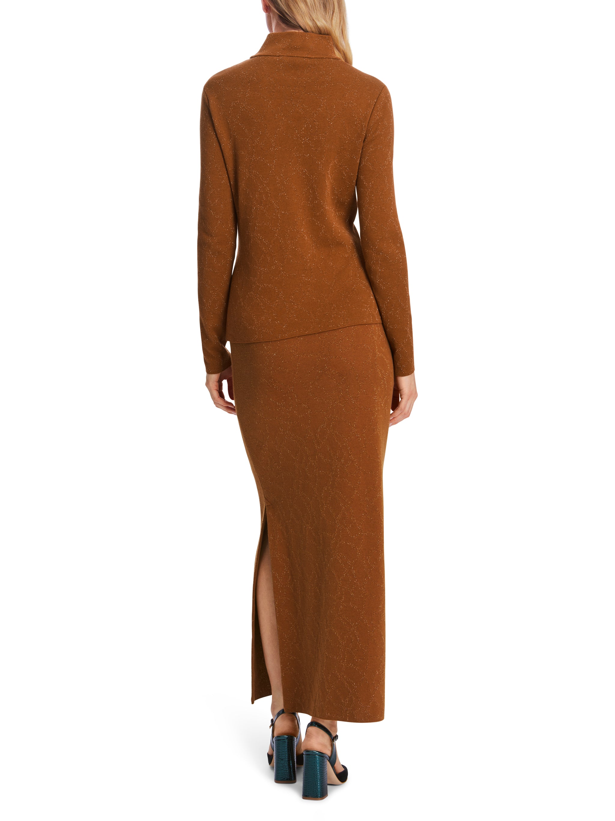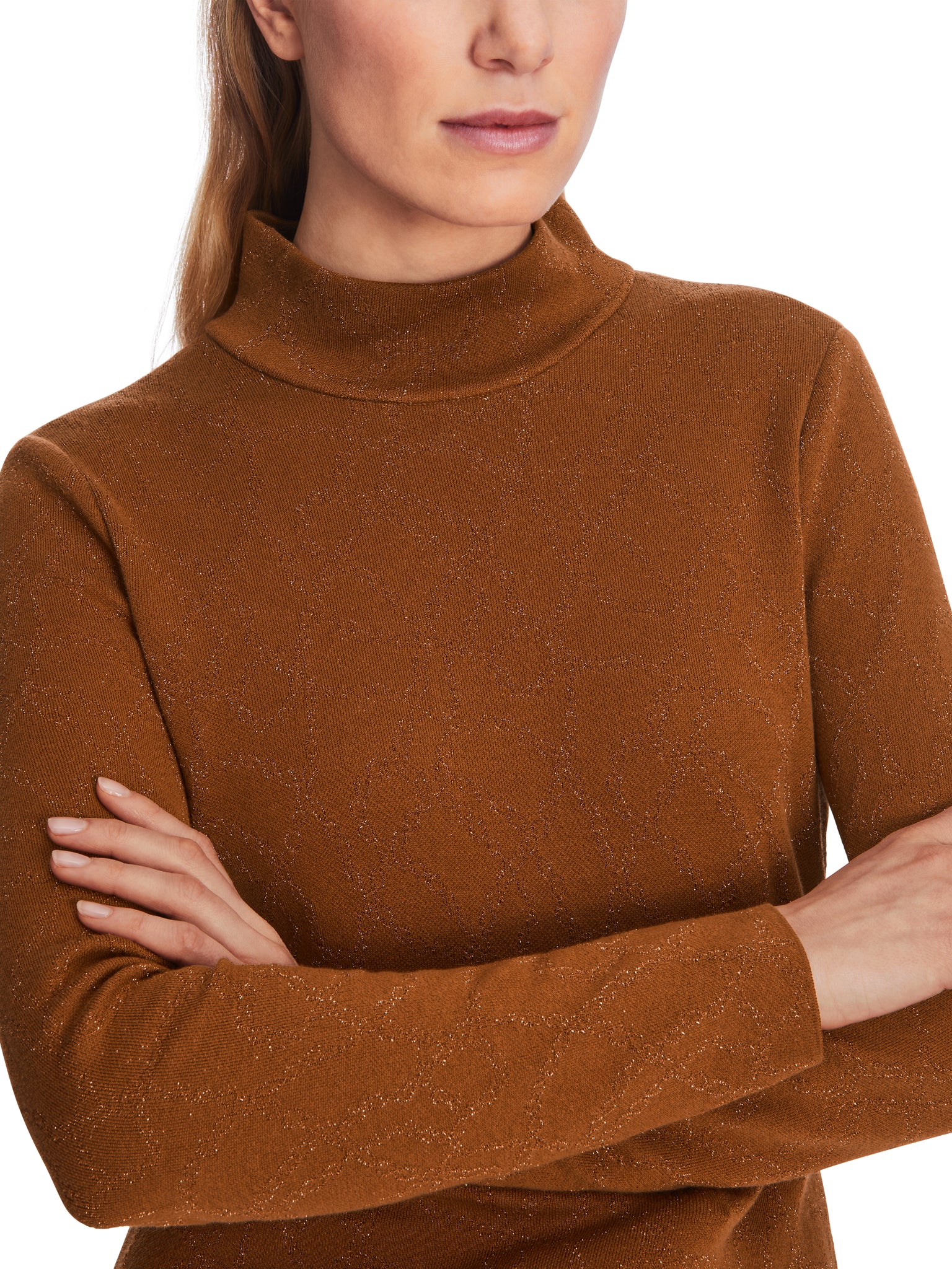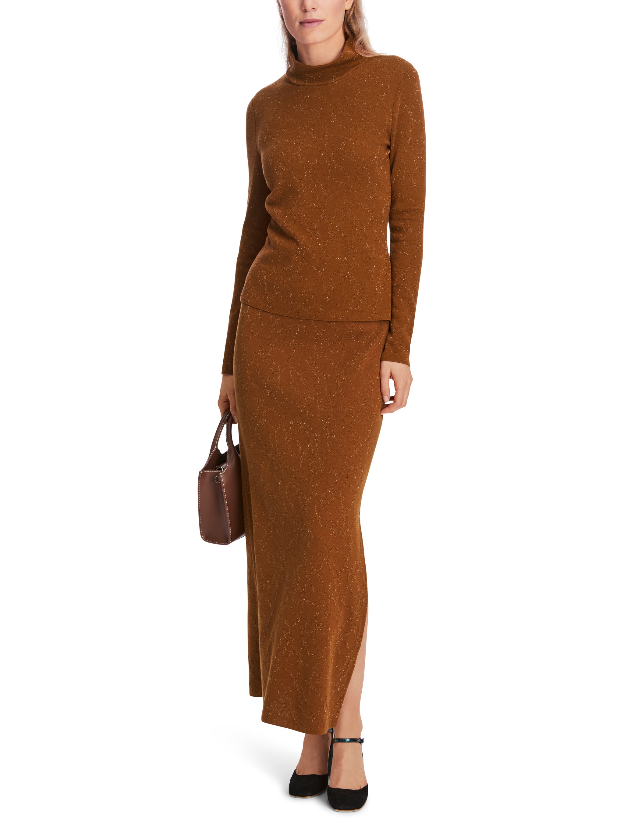 Versehen mit einem feinen Schimmer aus Lurex-Garn, ist dieser Sweater aus dem Nachhaltigkeitslabel "Rethink Together" das richtige Basic für festliche Anlässe. Er präsentiert eine figurnahe Silhouette mit Rollkragen und langen Ärmeln. Der Sweater wird aus einer Materialmischung mit Baumwolle und Viskose am Standort Deutschland gestrickt und auch veredelt. Die Weiterverarbeitung der einzelnen Teile erfolgt in europäischen Partnerbetrieben. Damit ist das Modell „Knitted in Germany“.
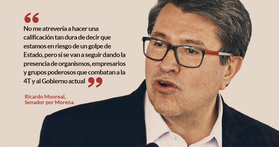 “Yo no me atrevería a hacer una calificación tan dura de decir que estamos en riesgo de un golpe de Estado. Creo que la población está muy madura para aceptar, permitir, que eso se dé. No se va a dar, pero sí se va a seguir dando la presencia de organismos económicos, empresarios y grupo poderosos que combatan a la 4T, que combatan al Gobierno actual. Tan lo es, que a pesar de que concluyó el proceso electoral, la embestida mediática, la crítica permanente contra el Presidente y sus programas o contra la 4T sigue presente, no ha disminuido, sigue muy fuerte en sectores económicos, en sectores intelectuales, en sectores de comunicación y en sectores sociales”, planteó Monreal.
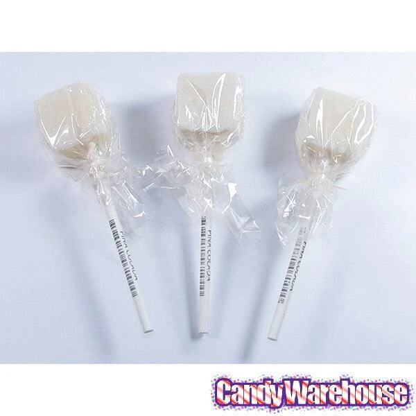 Frothy pina colada flavor bursts from these delicious cube lollipops featuring a white color. Way more yummy than spheres, prisms, or cylinders, no calculus is required to determine that the surface area of these candy cubes is sweet geometry for your mouth!
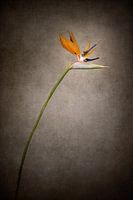 Strelitzia's verspreiden een prachtige tropische flair met hun fantastische bloemen. Buitengewoon decoratieve voorstelling van de paradijsvogelbloem in een minimalistische context. Expressief motief in vintage stijl.
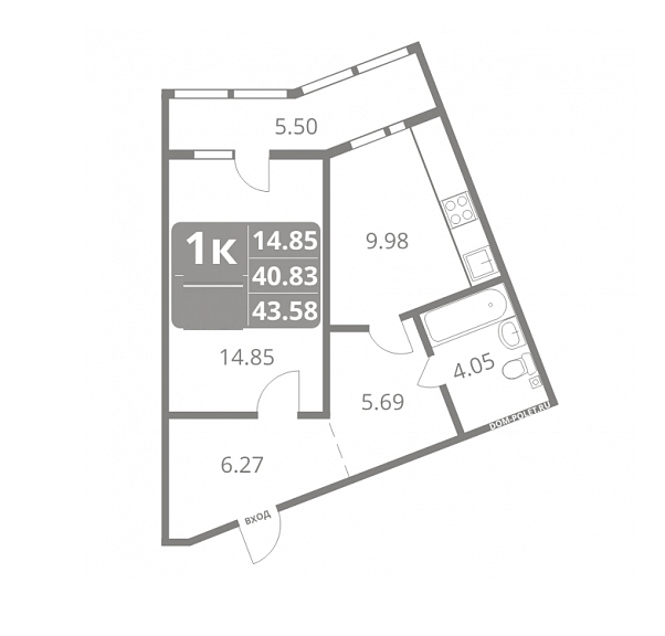 Общая площадь 41.5 м2
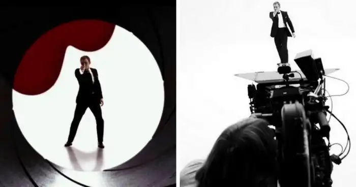 5. Дэниел Крейг на съёмках вступительной сцены с видом из дула пистолета для фильма про Джеймса Бонда «Квант милосердия» (2008)

▸ WHAT YOU SHOULD DO
Take the records above from the line with "Strelitzia's verspreiden een" down to their last line and please copy those lines exactly, without the pictures.

▸ YOUR RESPONSE
 Strelitzia's verspreiden een prachtige tropische flair met hun fantastische bloemen. Buitengewoon decoratieve voorstelling van de paradijsvogelbloem in een minimalistische context. Expressief motief in vintage stijl.
 Общая площадь 41.5 м2
 5. Дэниел Крейг на съёмках вступительной сцены с видом из дула пистолета для фильма про Джеймса Бонда «Квант милосердия» (2008)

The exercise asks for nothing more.